## What to produce:
Go through the listing below and repeat it exactly, omitting each picture.

## The data:
_ _ _ _

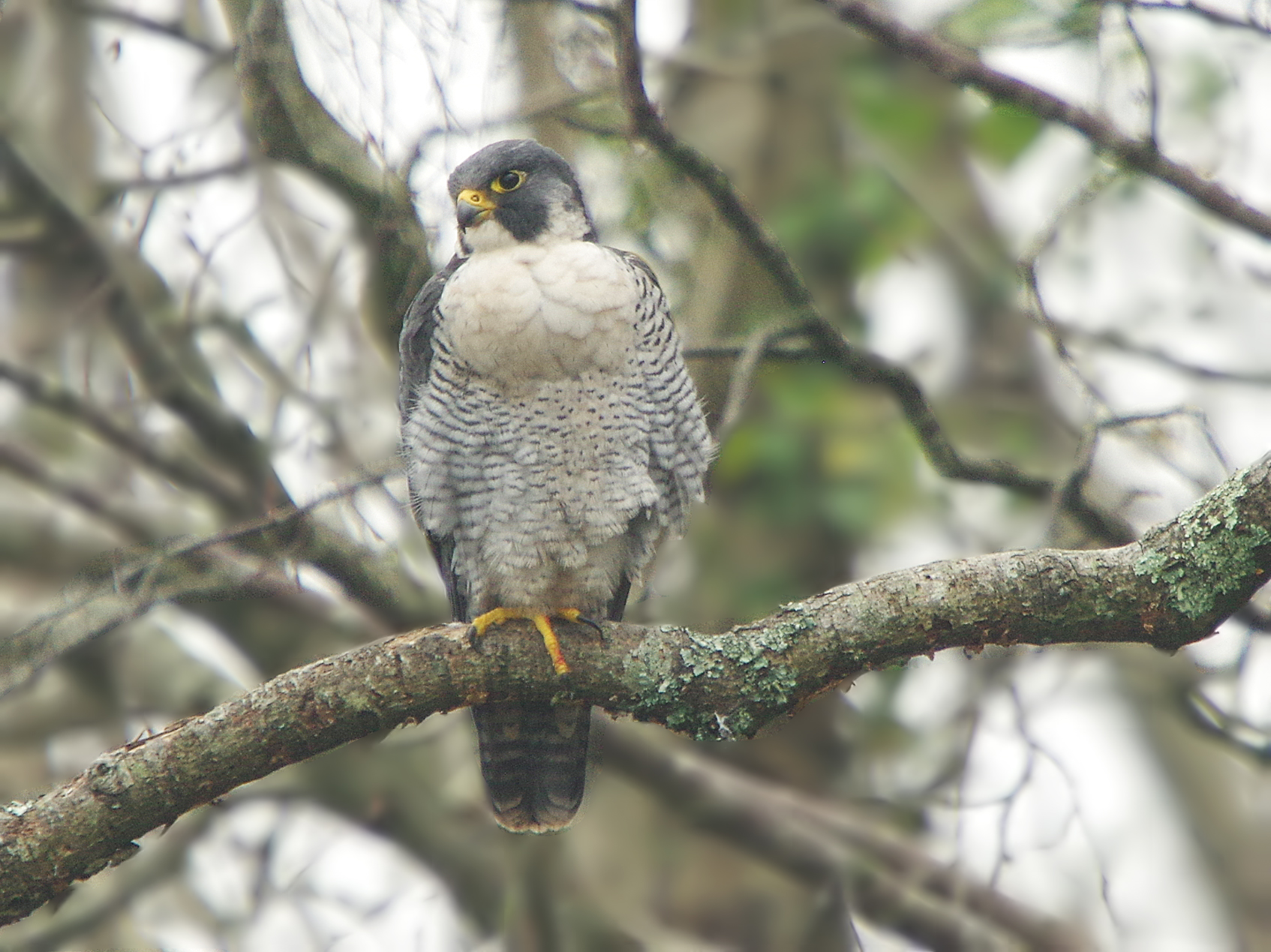 At the Peregrine nest yesterday it was a very quiet session although I did have the male (tercel) in front of me for most of it. I heard him call but in the dank conditions I couldn't see him at first but I knew he was there somewhere. After a few minutes, I located him sitting quietly on the old oak in one of the favourite perches where I have seen both birds on numerous occasions over the last 3 years. Oddly, this is the the first time I have seen them there this year though. It sat there for more than 2 hours just doing nothing, but it seemed quite alert, as though he was keeping watch. I have a another little hide that would have given me great views in front of that tree but I would not have been able to get in to it without disturbance, particularly when he was so alert. My camera is working remarkably well this year so I am quiet content with the shots I took of him. Yesterday I had seen that he thad a blood soaked talon and he has today as well. Also, note the bulging breast, this is an indication that he has recently fed, the bulge is food in the crop. I really love this pretty little Tercel, I have seen him for 4 years running and feel I know him well. He is a lazy bird who does not waste any energy and seems to spend lots of his time just sitting around. In fact, Peregrines do sit resting for hours on end. This will be because of the food they eat. Once fed, they then need to allow it to pass through from the crop and in to the stomach and then of course, this needs to digest. A long process compared with other birds who have a fast digestive transit and need to feed often. The food they eat dictates their behaviour, hence birds of prey, particularly Peregrines do not need to search for food constantly and consequently this dictates their seemingly lazy behaviour. Sitting on one leg like he is in the picture above is a sure sign that he is at rest and relaxed.
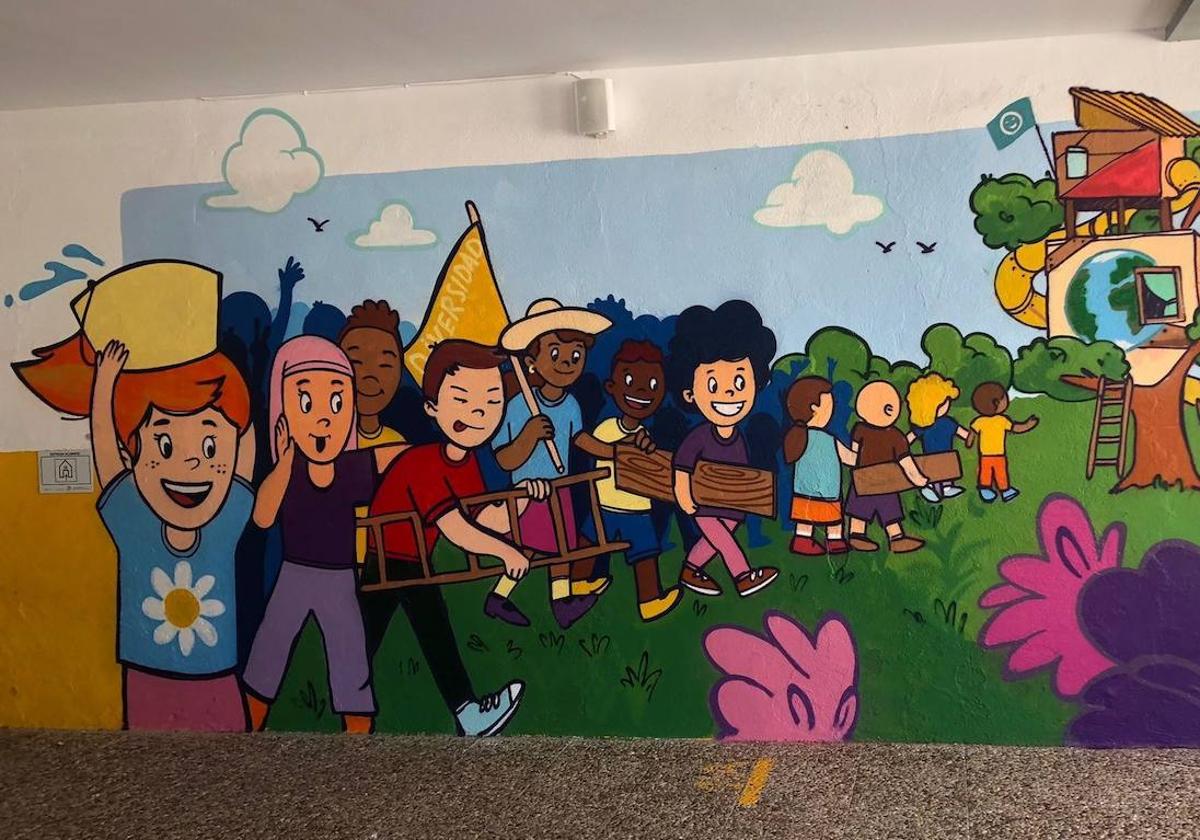Una de sus coordinadoras, la trujillana Victoria Donaire, apunta que ese vistoso trabajo del mural representa la convivencia, la interculturalidad y la diversidad en el alumnado. De hecho, se muestran niños y niñas de diferentes culturas en una zona de juego, además de una bola del mundo. Explica que, en un principio, el artista hizo un boceto en la pared. A partir de ahí, los menores fueron dando color a esta obra, mediante espray y brocha, con las pautas de Tomé.
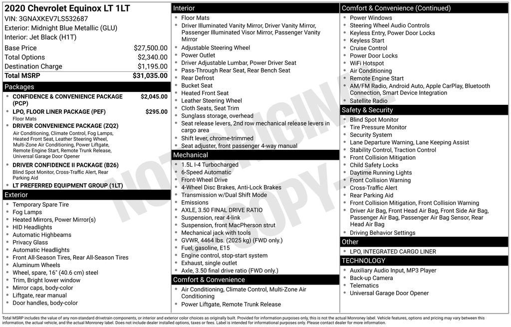 2020 Chevrolet Equinox LT Midnight Blue Metallic 1.5L DOHC FWD
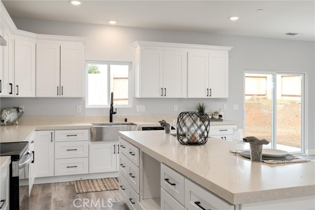 Check out this beautiful new build that perfectly blends modern design and functionality! The open floor plan creates an inviting atmosphere, ideal for family gatherings and entertaining. The bright and airy kitchen is a chef's dream, featuring sleek stainless steel appliances, a massive island with pristine white quartz countertops, and soft-close cabinetry. Adjacent to the kitchen is a cozy office nook with a built-in desk—perfect for work or a quiet coffee corner. Luxury vinyl plank flooring flows throughout the home, enhancing its beauty and ease of maintenance. The spacious bedrooms provide a peaceful retreat, and the master suite offers a generous walk-in closet for ultimate convenience. With tons of storage throughout, you’ll have plenty of room to keep everything organized. The indoor laundry area is a dream come true, with a large folding table and ample cabinetry for storage. Outside, the large yard offers endless possibilities! Whether you dream of RV parking, adding a shop, or installing a pool, there’s plenty of space to make it happen. This move-in ready home is the perfect blend of comfort, style, and convenience. Don’t miss the opportunity to make this gorgeous house your home

_ _ _ _

## Answer box:
 At the Peregrine nest yesterday it was a very quiet session although I did have the male (tercel) in front of me for most of it. I heard him call but in the dank conditions I couldn't see him at first but I knew he was there somewhere. After a few minutes, I located him sitting quietly on the old oak in one of the favourite perches where I have seen both birds on numerous occasions over the last 3 years. Oddly, this is the the first time I have seen them there this year though. It sat there for more than 2 hours just doing nothing, but it seemed quite alert, as though he was keeping watch. I have a another little hide that would have given me great views in front of that tree but I would not have been able to get in to it without disturbance, particularly when he was so alert. My camera is working remarkably well this year so I am quiet content with the shots I took of him. Yesterday I had seen that he thad a blood soaked talon and he has today as well. Also, note the bulging breast, this is an indication that he has recently fed, the bulge is food in the crop. I really love this pretty little Tercel, I have seen him for 4 years running and feel I know him well. He is a lazy bird who does not waste any energy and seems to spend lots of his time just sitting around. In fact, Peregrines do sit resting for hours on end. This will be because of the food they eat. Once fed, they then need to allow it to pass through from the crop and in to the stomach and then of course, this needs to digest. A long process compared with other birds who have a fast digestive transit and need to feed often. The food they eat dictates their behaviour, hence birds of prey, particularly Peregrines do not need to search for food constantly and consequently this dictates their seemingly lazy behaviour. Sitting on one leg like he is in the picture above is a sure sign that he is at rest and relaxed.
Una de sus coordinadoras, la trujillana Victoria Donaire, apunta que ese vistoso trabajo del mural representa la convivencia, la interculturalidad y la diversidad en el alumnado. De hecho, se muestran niños y niñas de diferentes culturas en una zona de juego, además de una bola del mundo. Explica que, en un principio, el artista hizo un boceto en la pared. A partir de ahí, los menores fueron dando color a esta obra, mediante espray y brocha, con las pautas de Tomé.
 2020 Chevrolet Equinox LT Midnight Blue Metallic 1.5L DOHC FWD
 Check out this beautiful new build that perfectly blends modern design and functionality! The open floor plan creates an inviting atmosphere, ideal for family gatherings and entertaining. The bright and airy kitchen is a chef's dream, featuring sleek stainless steel appliances, a massive island with pristine white quartz countertops, and soft-close cabinetry. Adjacent to the kitchen is a cozy office nook with a built-in desk—perfect for work or a quiet coffee corner. Luxury vinyl plank flooring flows throughout the home, enhancing its beauty and ease of maintenance. The spacious bedrooms provide a peaceful retreat, and the master suite offers a generous walk-in closet for ultimate convenience. With tons of storage throughout, you’ll have plenty of room to keep everything organized. The indoor laundry area is a dream come true, with a large folding table and ample cabinetry for storage. Outside, the large yard offers endless possibilities! Whether you dream of RV parking, adding a shop, or installing a pool, there’s plenty of space to make it happen. This move-in ready home is the perfect blend of comfort, style, and convenience. Don’t miss the opportunity to make this gorgeous house your home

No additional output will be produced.